Of course, if we do not address our affordable housing crisis, then the people who work in our thriving restaurants and shops will have a difficult choice of either very long commutes from outside the town- often not possible for restaurant workers who get off their evening shift after the buses have run- or to live in illegal apartments, where they have no recourse should they find the building substandard or overcrowded. The recently-passed ADU ordinance is a good step in that direction, but it is far from enough.

At the HTHC we are very concerned about the effect the additional restrictions in the proposed changes to the C-6 law will have on building in the town of Huntington. It is always difficult to build affordable units, and adding more steps and tighter restrictions will make it even more difficult. We therefore suggest the following ideas:

  1. Keep the proposed restrictions specific to the already-sewered area of Huntington Village and Halesite. It seems like most of the issues that people want addressed are specific to the Village, so let’s not overreach with the legislation, and keep the changes specific to the affected area. Other parts of town have different geographies, different issues, and different water tables. And broad sweeping laws can have unintended consequences. If these changes stop all building in the Village, we are still going to need to build somewhere, or we will exacerbate our illegal apartment problem.
  2. Consider exempting projects that have a 50% or more affordable component from the new restrictions. We are at a point where even people who are not fans of building more apartments will concede we need more affordable housing, so providing an incentive to create more than the presently-mandated 20% affordable quota may be welcomed by developers
  3. Build a new parking structure now. If parking is the problem, then a parking structure is the answer, and it always has been. A parking structure would allow the town to consider variances on parking for new apartment buildings, leading to the creation of more affordable units.
  4. Be very cautious about the wording of your language on architectural review. While almost everyone can name at least one recently-built building in town they think is ugly (and not always the same one!), architectural review has a long history of being used as a tool for segregation and for stopping affordable housing. By its very nature it is decided by more subjective judgement than other aspects of zoning, and requiring extra steps (like a full-blown architectural review board) or too many extra flourishes will drive up costs and make building affordably even less possible.
  5. Attack the water issues with the facts, not what people think the facts are. Hypoxia in Long Island Sound and Huntington Bay is primarily due to excess nitrogen that comes from the run-off fertilizers for residents’ lawns, and the primary cause of pollution in the ground water is septic tanks. Both fertilizer and septic tanks are characteristics of single-family homes, not apartments above stores.
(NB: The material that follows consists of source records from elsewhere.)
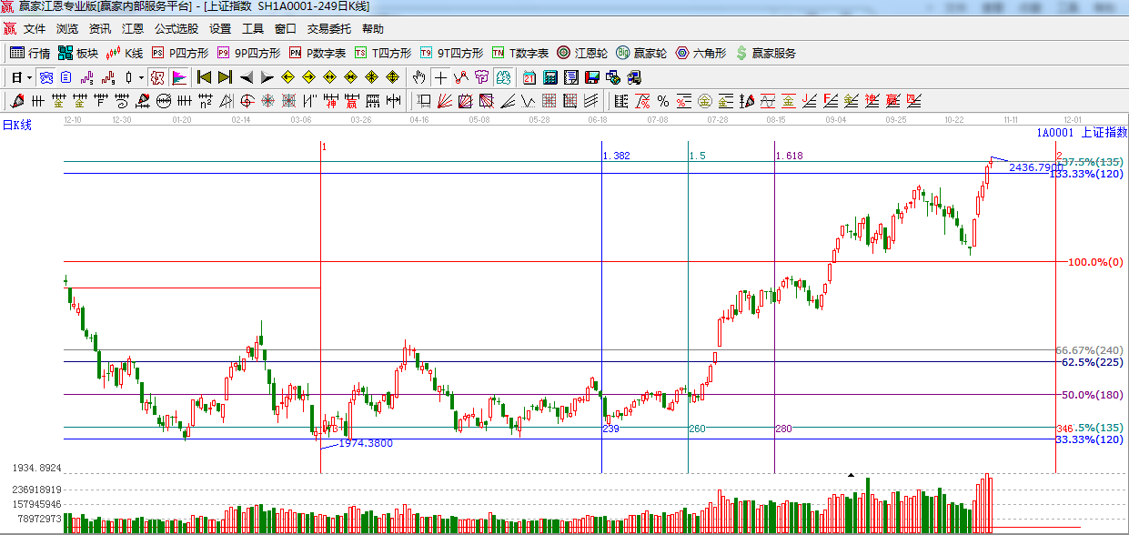 ★依據(jù)贏家江恩系統(tǒng)極反通道提示:藍(lán)色外軌線支撐是2410點(diǎn)附近,留意后期量能,如不能支持,此位置將仍有反復(fù)。
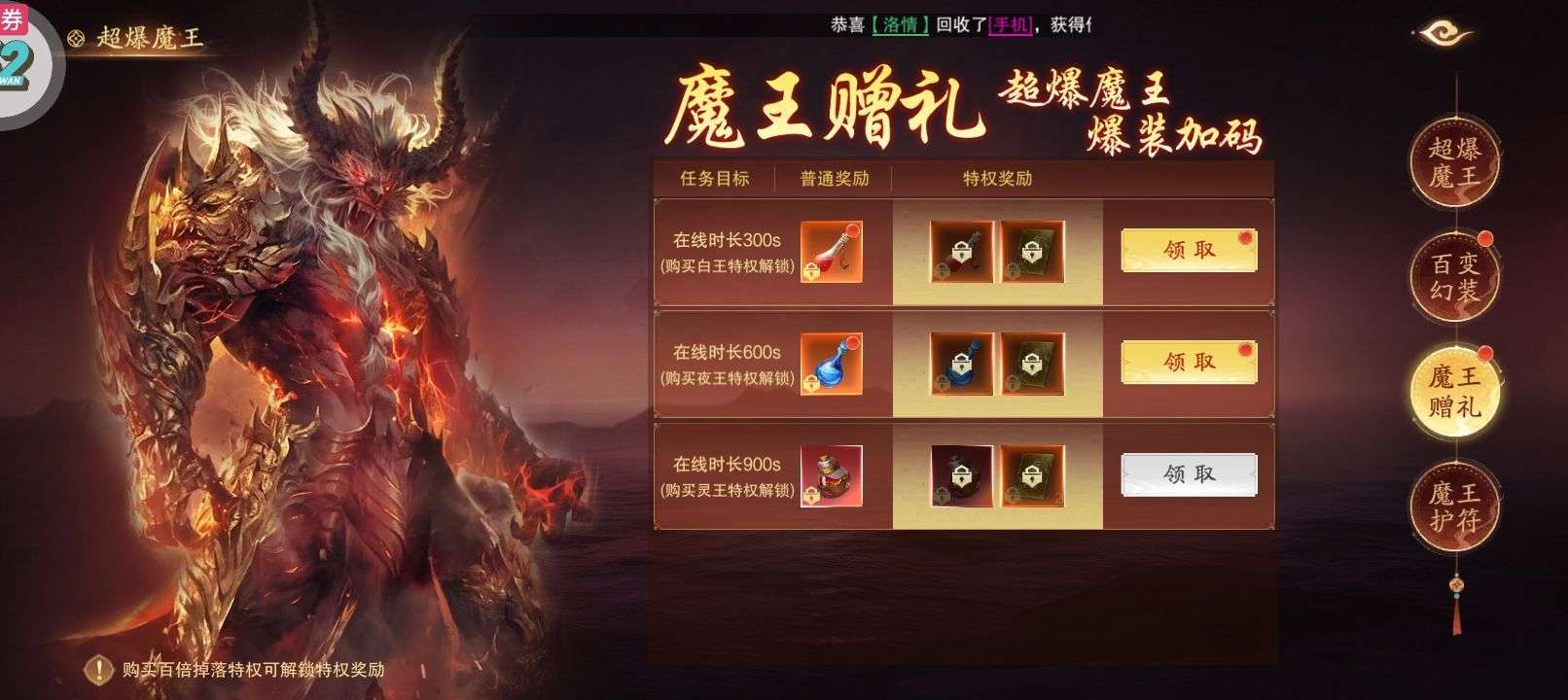 洗髓丹*50、银两袋*10(每个账号限领一次)
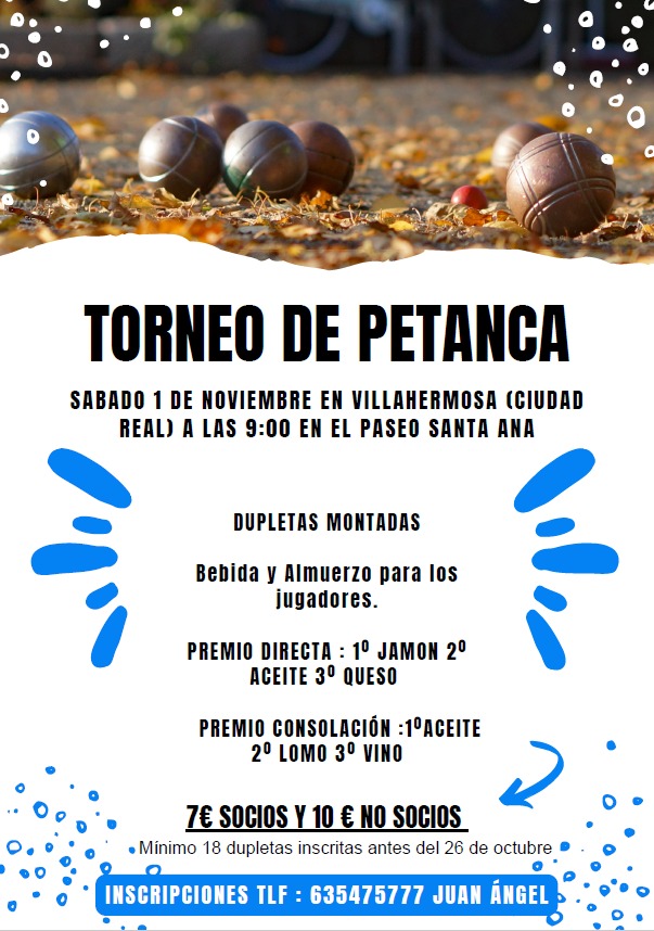 El Club de Petanca de Villahermosa organiza un nuevo Torneo de Petanca el sábado 1 de noviembre, a partir de las 9:00 h en el Paseo Santa Ana.
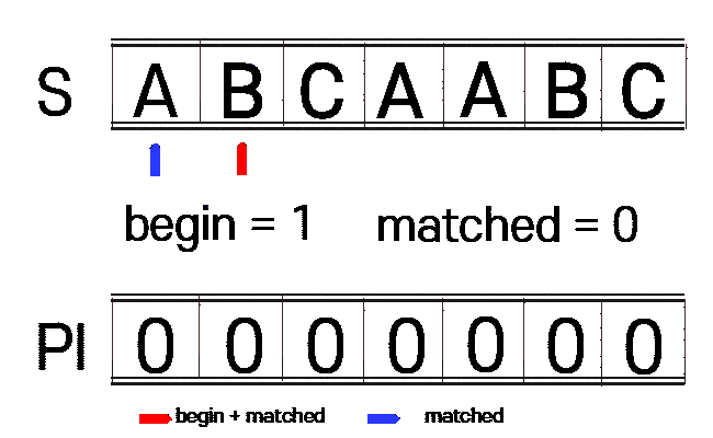 2. 문자열을 비교하고 만약 매칭이 되지 않을 시 PI테이블을 보고 시작할 위치를 정합니다.
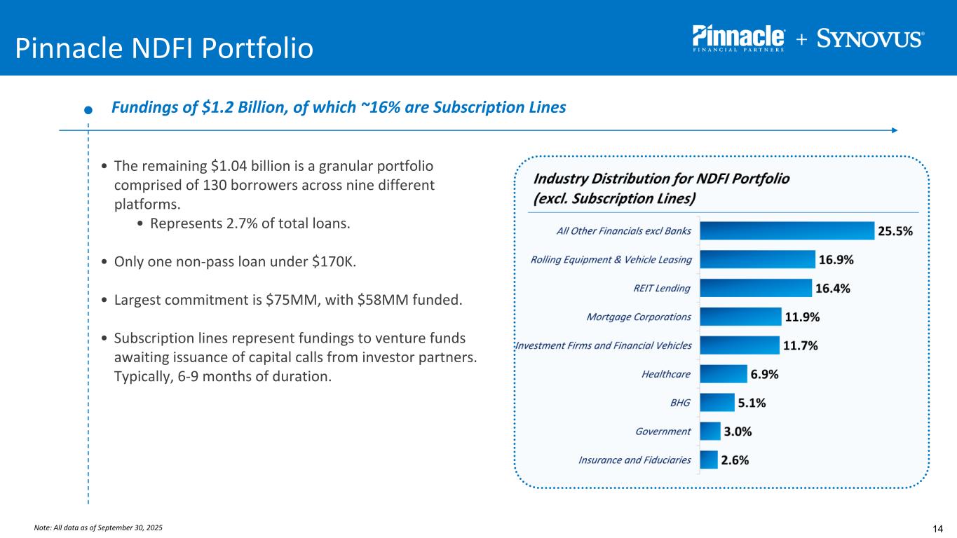 14 Fundings of $1.2 Billion, of which ~16% are Subscription Lines • The remaining $1.04 billion is a granular portfolio comprised of 130 borrowers across nine different platforms. • Represents 2.7% of total loans. • Only one non-pass loan under $170K. • Largest commitment is $75MM, with $58MM funded. • Subscription lines represent fundings to venture funds awaiting issuance of capital calls from investor partners. Typically, 6-9 months of duration. Pinnacle NDFI Portfolio Note: All data as of September 30, 2025
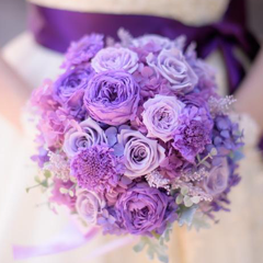 テーマカラーのホワイト、グリーン、パープルは、ブーケや装花などに取り入れ、
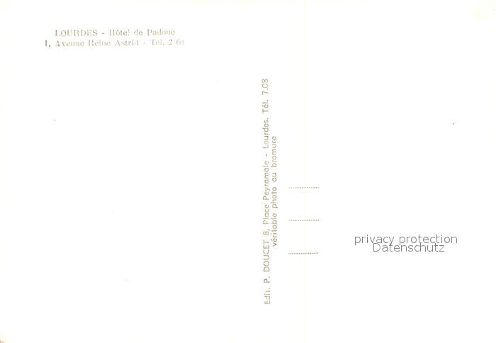 13551059 Lourdes Hautes Pyrenees Hôtel de Padoue postalisch nicht gelaufen Erhaltung siehe scans [FriedD77] KatCode: 11170065165286

Nor is the town waste treatment facility in any danger of reaching capacity any time soon, so there is plenty of time to consider expanding it if the town deems it necessary. Can the town do a better job enforcing the rule that water that falls on your property stays on it, or by requiring offsets to allow the highway department to capture more water before it reaches the Village? Absolutely. But the answer to improving our groundwater and the water in the bay lies in restricting fertilizers and getting more homes on sewers and off septic tanks, not in forcing people into illegal apartments because we make it too hard to build the necessary living units.

We appreciate the town board is trying to address some of the town’s longest-existing and most-pressing problems. We hope they will consider our proposals.